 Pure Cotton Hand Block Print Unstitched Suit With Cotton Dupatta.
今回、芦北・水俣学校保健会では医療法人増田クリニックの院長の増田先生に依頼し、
==
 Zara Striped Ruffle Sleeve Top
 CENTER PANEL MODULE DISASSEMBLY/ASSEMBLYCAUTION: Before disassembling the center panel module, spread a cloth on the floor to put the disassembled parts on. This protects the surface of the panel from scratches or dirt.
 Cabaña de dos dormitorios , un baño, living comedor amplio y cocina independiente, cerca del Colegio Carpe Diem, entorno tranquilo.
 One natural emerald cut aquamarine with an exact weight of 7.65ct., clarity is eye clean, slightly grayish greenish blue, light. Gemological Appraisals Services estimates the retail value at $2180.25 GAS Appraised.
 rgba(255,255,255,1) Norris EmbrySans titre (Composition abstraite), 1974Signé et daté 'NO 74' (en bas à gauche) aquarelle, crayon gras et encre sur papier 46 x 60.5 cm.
==
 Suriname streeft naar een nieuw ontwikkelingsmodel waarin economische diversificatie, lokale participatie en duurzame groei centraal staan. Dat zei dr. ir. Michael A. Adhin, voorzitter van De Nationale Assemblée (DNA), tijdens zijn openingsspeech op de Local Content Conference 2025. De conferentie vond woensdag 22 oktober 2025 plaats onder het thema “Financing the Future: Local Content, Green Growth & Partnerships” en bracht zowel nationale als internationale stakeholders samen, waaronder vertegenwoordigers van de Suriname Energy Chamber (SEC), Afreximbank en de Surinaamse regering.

> _How to complete this task_
Reproducing the whole listing above is not the task. Copy exactly only the lines from the one with "Pure Cotton Hand" to the one with "今回、芦北・水俣学校保健会では医療法人増田クリニックの院長の増田先生に依頼し、", both kept.

> _Solution to this problem_
 Pure Cotton Hand Block Print Unstitched Suit With Cotton Dupatta.
今回、芦北・水俣学校保健会では医療法人増田クリニックの院長の増田先生に依頼し、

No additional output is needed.